No es concesión gratuita a vuestros oídos decir que me emociona este acto profundamente. Natural de la Baja Extremadura soy un hombre fiel a mi tierra, a sus creencias y a sus tradiciones. Y desde muy joven he sido fiel a Mérida y a Santa Eulalia. Hay documentos de esa fidelidad que no es de ahora: aquellos artículos míos -principios de los años setenta- en las páginas de ABC: “Bajan muchachas en flor, arropadas del frío, camino del Hornito de Santa Eulalia. Rezan novena y rosario y huele a cera derretida junto a la reja del antiguo templo de Marte. El dios de la guerra doblegado al martirologio de una niña”; hay mi defensa de la capitalidad en Mérida, en los balbuceos de la autonomía, que algún disgusto me trajo; mis versos juveniles en la noche de Mérida -por y para Mérida- de la mano de mi hermano mayor, el extraordinario y magnífico poeta emeritense Jesús Delgado Valhondo; mis pregones religiosos, aquí mismo, en épocas en que no estaba bien visto cantar y ensalzar la Semana Santa… Tanta vinculación con esta ciudad… Tantos amigos…
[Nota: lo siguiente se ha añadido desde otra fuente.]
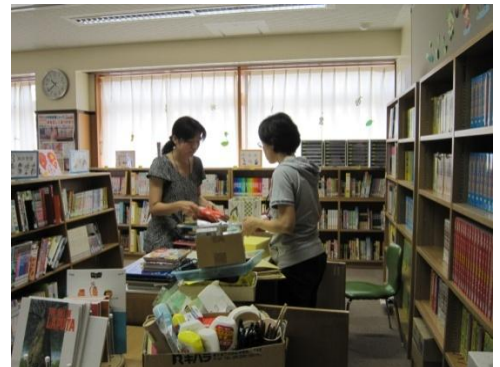
図書ボランティアによる図書室整理

ほかにも、図書ボランティアの方々は、図書室掃除当番の子供たちに、図書室の掃除の仕方などもていねいに教えてくれます。

Y, ahora, este honor impagable. Ser una vez más vuestro pregonero. El hombre, que de vuelta de tantos caminos,   no se cansa de hablar de las cosas de su tierra. He pregonado Mérida, os decía. No me he cansado de proclamar que

En el mejor instante del Imperio Romano, Mérida es llamada “altera Roma”, otra Roma, es decir, no secundaria, sino primaria: Roma en España. Siglos más tarde Rodrigo Caro hará coplas como ésta para el pueblo: “Mérida que en las Españas / en un tiempo fuiste Roma.”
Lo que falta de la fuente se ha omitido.